WHAT YOU NEED TO DO →
Search the listing below for the line containing "- Chen, H.;". From there through the line containing "individualism and defiance.", transcribe every line exactly, both ends included.

EXCERPTED RECORDS →
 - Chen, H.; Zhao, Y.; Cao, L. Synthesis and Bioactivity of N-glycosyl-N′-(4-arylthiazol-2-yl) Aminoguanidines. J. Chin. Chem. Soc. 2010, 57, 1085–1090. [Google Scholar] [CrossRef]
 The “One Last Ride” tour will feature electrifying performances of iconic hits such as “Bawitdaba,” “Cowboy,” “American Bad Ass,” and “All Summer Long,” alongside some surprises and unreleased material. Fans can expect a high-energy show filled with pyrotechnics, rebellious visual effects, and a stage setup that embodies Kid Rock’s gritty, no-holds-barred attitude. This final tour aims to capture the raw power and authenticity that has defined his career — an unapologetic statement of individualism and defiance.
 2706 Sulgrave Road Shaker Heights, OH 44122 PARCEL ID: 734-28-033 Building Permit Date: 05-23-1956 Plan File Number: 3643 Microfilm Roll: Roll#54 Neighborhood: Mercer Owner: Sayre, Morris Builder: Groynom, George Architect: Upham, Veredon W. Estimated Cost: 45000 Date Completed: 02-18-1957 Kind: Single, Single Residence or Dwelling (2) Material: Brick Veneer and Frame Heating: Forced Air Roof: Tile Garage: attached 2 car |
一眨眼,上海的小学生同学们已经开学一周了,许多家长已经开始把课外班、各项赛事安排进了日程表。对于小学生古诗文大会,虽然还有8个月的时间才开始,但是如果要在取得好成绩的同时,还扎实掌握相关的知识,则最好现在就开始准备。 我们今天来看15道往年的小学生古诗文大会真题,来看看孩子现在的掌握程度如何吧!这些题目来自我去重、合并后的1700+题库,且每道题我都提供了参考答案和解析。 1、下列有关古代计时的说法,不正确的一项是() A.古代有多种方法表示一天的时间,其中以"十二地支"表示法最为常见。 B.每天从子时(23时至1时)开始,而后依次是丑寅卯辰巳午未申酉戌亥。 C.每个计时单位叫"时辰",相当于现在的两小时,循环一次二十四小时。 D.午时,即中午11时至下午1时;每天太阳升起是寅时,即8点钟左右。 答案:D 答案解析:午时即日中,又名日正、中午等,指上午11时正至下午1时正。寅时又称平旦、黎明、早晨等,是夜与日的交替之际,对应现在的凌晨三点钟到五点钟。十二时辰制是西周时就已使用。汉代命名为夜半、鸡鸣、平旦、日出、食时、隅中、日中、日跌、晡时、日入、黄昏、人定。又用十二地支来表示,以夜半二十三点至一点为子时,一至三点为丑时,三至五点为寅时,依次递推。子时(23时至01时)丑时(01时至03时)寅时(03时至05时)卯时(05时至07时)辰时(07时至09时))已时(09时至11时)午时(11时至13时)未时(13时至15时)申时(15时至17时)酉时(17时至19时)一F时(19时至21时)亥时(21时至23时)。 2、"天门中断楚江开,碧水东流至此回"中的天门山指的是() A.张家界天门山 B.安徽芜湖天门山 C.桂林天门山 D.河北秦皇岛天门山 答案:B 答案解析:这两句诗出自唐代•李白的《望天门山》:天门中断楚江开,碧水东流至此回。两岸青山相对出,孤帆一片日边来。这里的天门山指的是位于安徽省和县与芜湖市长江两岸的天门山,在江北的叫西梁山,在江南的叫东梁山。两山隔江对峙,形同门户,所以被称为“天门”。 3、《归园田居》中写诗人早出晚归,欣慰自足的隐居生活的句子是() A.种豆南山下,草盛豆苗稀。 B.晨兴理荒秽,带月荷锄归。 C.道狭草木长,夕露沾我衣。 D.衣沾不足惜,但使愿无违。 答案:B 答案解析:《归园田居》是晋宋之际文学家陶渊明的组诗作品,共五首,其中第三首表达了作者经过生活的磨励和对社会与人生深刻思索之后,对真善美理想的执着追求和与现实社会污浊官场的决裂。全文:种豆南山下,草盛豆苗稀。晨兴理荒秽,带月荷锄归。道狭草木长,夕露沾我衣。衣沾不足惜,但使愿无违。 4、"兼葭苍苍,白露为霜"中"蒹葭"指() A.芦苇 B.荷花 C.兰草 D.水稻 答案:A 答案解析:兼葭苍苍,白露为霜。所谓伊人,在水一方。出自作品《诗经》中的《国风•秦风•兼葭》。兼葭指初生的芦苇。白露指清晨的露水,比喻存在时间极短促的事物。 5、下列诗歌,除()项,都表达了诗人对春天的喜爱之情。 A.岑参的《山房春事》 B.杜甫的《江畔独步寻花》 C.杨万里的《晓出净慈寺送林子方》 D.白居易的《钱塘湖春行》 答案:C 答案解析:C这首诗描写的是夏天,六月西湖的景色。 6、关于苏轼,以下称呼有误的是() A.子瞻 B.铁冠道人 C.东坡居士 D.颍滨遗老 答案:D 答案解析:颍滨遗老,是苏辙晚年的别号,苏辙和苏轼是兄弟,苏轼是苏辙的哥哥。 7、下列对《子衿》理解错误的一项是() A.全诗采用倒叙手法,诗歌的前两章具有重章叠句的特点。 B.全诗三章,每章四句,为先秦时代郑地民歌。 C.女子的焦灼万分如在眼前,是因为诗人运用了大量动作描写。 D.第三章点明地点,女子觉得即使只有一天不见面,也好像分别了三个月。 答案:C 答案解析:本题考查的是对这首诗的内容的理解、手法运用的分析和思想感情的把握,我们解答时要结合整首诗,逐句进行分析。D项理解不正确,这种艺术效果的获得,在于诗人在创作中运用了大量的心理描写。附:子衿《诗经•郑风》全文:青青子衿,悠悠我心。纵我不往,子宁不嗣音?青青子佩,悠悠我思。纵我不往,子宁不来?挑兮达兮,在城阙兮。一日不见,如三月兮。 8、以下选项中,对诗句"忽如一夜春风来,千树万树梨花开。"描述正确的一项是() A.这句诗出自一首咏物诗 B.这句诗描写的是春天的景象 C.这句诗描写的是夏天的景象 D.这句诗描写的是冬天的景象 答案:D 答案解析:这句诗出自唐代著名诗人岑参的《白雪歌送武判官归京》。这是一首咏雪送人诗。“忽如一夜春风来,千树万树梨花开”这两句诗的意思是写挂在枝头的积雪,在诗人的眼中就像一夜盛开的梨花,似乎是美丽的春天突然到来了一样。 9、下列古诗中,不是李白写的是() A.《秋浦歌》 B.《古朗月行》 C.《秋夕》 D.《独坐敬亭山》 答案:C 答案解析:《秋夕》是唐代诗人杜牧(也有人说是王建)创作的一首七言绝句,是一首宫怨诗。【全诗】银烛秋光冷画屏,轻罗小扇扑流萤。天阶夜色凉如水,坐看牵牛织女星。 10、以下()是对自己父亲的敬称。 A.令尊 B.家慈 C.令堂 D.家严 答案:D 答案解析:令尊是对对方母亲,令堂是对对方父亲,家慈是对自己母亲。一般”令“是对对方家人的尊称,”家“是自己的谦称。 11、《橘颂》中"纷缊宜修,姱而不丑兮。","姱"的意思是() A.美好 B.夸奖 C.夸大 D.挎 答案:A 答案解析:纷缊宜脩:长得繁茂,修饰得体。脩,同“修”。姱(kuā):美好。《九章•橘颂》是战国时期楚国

...

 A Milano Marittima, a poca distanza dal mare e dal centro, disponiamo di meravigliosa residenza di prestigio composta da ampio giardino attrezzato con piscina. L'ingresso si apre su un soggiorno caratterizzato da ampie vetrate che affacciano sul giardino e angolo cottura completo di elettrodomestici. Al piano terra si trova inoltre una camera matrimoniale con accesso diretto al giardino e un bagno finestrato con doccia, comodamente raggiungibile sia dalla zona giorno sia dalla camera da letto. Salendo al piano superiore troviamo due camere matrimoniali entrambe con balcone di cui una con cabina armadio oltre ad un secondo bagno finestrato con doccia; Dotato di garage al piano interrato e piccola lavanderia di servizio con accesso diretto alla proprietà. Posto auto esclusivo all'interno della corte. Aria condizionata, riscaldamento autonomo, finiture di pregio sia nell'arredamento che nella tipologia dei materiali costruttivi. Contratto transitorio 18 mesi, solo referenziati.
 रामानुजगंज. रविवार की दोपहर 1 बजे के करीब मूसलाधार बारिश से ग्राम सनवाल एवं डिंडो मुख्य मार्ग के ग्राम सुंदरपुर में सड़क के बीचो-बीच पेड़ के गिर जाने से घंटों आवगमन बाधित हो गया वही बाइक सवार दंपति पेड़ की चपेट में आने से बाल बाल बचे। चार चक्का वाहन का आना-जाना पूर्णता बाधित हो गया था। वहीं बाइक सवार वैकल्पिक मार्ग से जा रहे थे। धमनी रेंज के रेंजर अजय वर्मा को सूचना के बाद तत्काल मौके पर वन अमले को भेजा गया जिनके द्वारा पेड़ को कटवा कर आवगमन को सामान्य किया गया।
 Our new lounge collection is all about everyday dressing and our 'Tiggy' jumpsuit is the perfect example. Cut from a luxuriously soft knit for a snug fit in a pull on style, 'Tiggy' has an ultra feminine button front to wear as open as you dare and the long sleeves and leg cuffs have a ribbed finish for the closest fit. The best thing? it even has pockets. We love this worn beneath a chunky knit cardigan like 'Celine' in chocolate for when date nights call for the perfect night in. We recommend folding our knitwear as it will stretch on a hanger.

==

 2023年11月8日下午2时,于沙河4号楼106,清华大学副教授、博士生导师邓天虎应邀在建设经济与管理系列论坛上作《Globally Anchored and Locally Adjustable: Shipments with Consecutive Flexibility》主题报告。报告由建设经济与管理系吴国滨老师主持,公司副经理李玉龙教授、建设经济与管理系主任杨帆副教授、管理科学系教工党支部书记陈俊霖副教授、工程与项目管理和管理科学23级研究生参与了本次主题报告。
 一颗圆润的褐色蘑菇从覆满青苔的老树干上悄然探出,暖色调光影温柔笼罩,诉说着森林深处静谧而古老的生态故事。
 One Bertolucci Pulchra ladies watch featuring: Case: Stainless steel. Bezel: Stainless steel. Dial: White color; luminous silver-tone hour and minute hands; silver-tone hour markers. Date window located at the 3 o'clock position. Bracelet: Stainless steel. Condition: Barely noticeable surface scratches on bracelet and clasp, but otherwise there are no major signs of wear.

TASK ANSWER →
 - Chen, H.; Zhao, Y.; Cao, L. Synthesis and Bioactivity of N-glycosyl-N′-(4-arylthiazol-2-yl) Aminoguanidines. J. Chin. Chem. Soc. 2010, 57, 1085–1090. [Google Scholar] [CrossRef]
 The “One Last Ride” tour will feature electrifying performances of iconic hits such as “Bawitdaba,” “Cowboy,” “American Bad Ass,” and “All Summer Long,” alongside some surprises and unreleased material. Fans can expect a high-energy show filled with pyrotechnics, rebellious visual effects, and a stage setup that embodies Kid Rock’s gritty, no-holds-barred attitude. This final tour aims to capture the raw power and authenticity that has defined his career — an unapologetic statement of individualism and defiance.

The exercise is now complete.